Book Review: Irish Republicanism

The Republic of Ireland, by D. R. O’C. Lysaght. (Mercier Press. 21s.)
 
This book claims to start where James Connolly’s Labour in Irish History left off. Whatever else can be said of Connolly’s book, at least it was easy to read and understand. The same cannot be said of Lysaght’s which is written in a peculiar style and is often repetitive.
 
Lysaght traces the origin of the Irish State and its subsequent political evolution: how Ireland’s wealthy classes originally supported those who were in favour of the 1921 Treaty with Britain against the Republican opposition: how in the 1930’s they transferred their allegiance to the Republicans in De Valera’s Fianna Fail which remains to this day Ireland’s normal governing party: how the old Republican policy of protectionism has now given way to an Anglo-Irish Free Trade Area and a desire to join the Common Market.
 
Lysaght claims to be a Socialist, but is rather some kind of a trotskyist. His immediate aim is “the Workers’ Republic of Ireland”. He does not pretend, as some of its advocates do, that this is the same as Socialism, but is forced to admit that

  In the fullest sense, it won’t be ’Socialism’, but, then, that will only appear as the last stage of social development but one and on an international scale.

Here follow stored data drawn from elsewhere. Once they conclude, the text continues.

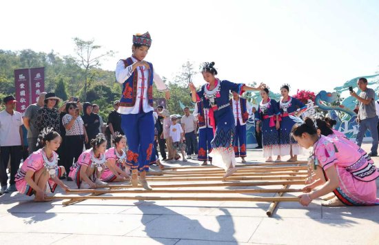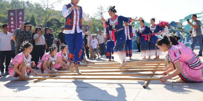 2026年新年第一天,伴随着竹竿敲打的咚咚声,身着民族盛装的舞蹈演员,在快速开合的竹竿间轻盈地跳跃,手上舞动出优美的动作,持竿者高呼“嘿!呵嘿!”。在暖阳中,演员与游客共跳竹竿舞,感受文化魅力,其乐融融欢度新年。
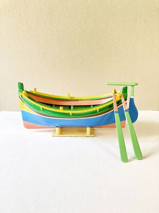 Incantevole modellino di una tradizionale barca da pesca maltese, realizzato in legno dipinto, completo di timone, remi e supporto. I suoi splendidi colori vivaci lo rendono perfetto per decorare la cameretta di un bambino o per aggiungere un tocco esotico e luminoso alla vostra casa.
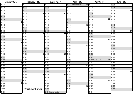 1247 calendar
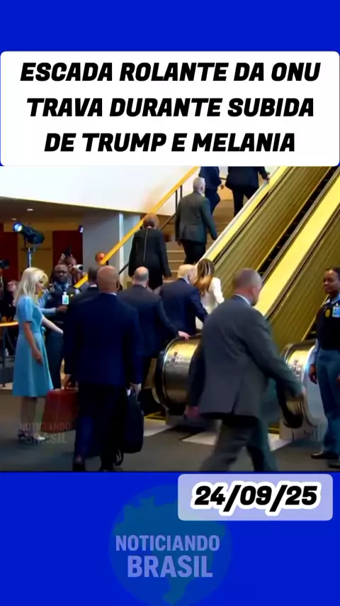 Escada rolante da ONU trava durante subida de Trump e Melania #ONU #trump #viral
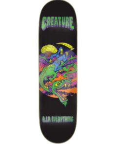Presented by Creature Skateboards in an 8.5″ width and a seven-ply Birch construction, the Rip Everything skateboard deck arrives with printed graphics on the bottom ply. Showing an illustration of a grim reaper riding a dragon, the board’s graphic pictures a creative doomsday scenario
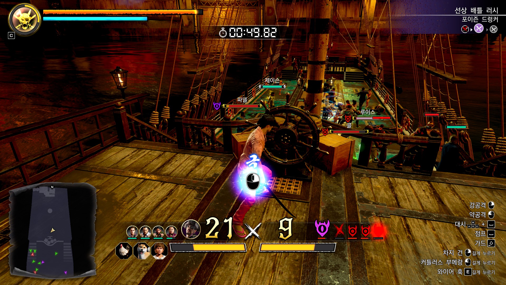 선상전투 전용 기술입니다. 솔직히 일부러 배를 조종하는 핸들까지 가서 사용해야 기술이기는 한데. 또 막상 써보면 그리 나쁘지는 않더라구요.

(The last stage presumably is ‘Communism’, suggesting that Lysaght accepts the false socialism/communism distinction).
 
The full Republican programme — an All-Ireland Republic politically and economically independent, particularly of Britain — has yet to be realised and is in fact impossible. There has always been a disagreement in Irish opposition circles as to what should be their immediate aim. In 1919 the Irish Labour Party adopted the slogan “First the Republic, then the Workers’ Republic” and this is still essentially the policy of Sinn Fein, the IRA and various Communist and Maoist groups “partly because”, Lysaght suggests, “their numbers are certainly too small to achieve Socialism under present circumstances”. He, however, is no more logical since he can only argue that the immediate struggle should be for the Workers’ Republic rather than for Socialism on the same sort of grounds as those he criticises argue for the Republic rather than the Workers’ Republic.
 
The World Socialist Party of Ireland, set up in 1950, argues that workers in Ireland should be striving neither for an All-Ireland Republic nor for a Workers’ Republic, but for Socialism. We too realise that this can only exist on a world scale and so can only be achieved by the workers of the world co-operating to establish it. We are thus opposed to all other groups who deny that world Socialism should be the immediate objective of workers in Ireland and other countries.
 
Lysaght admits that the Irish Labour Party stands for state capitalism, but argues that socialists should work within it because “it is the largest explicitly proletarian-based party in the country”. This is a familiar argument which has been utterly discredited in relation to the British Labour Party, but there is one very significant difference in the way this case for joining Labour is presented in Ireland. Lysaght cannot argue that the Labour Party is the mass workers’ party, but has to introduce the word “explicitly”. This is because, as he himself points out, the majority of Irish workers support the governing party Fianna Fail and about as many support the main opposition Fine Gael as support Labour. The Labour Party should be opposed precisely because it stands for state capitalism, not to mention its record as part of the 1947 and 1953 “inter-party” governments.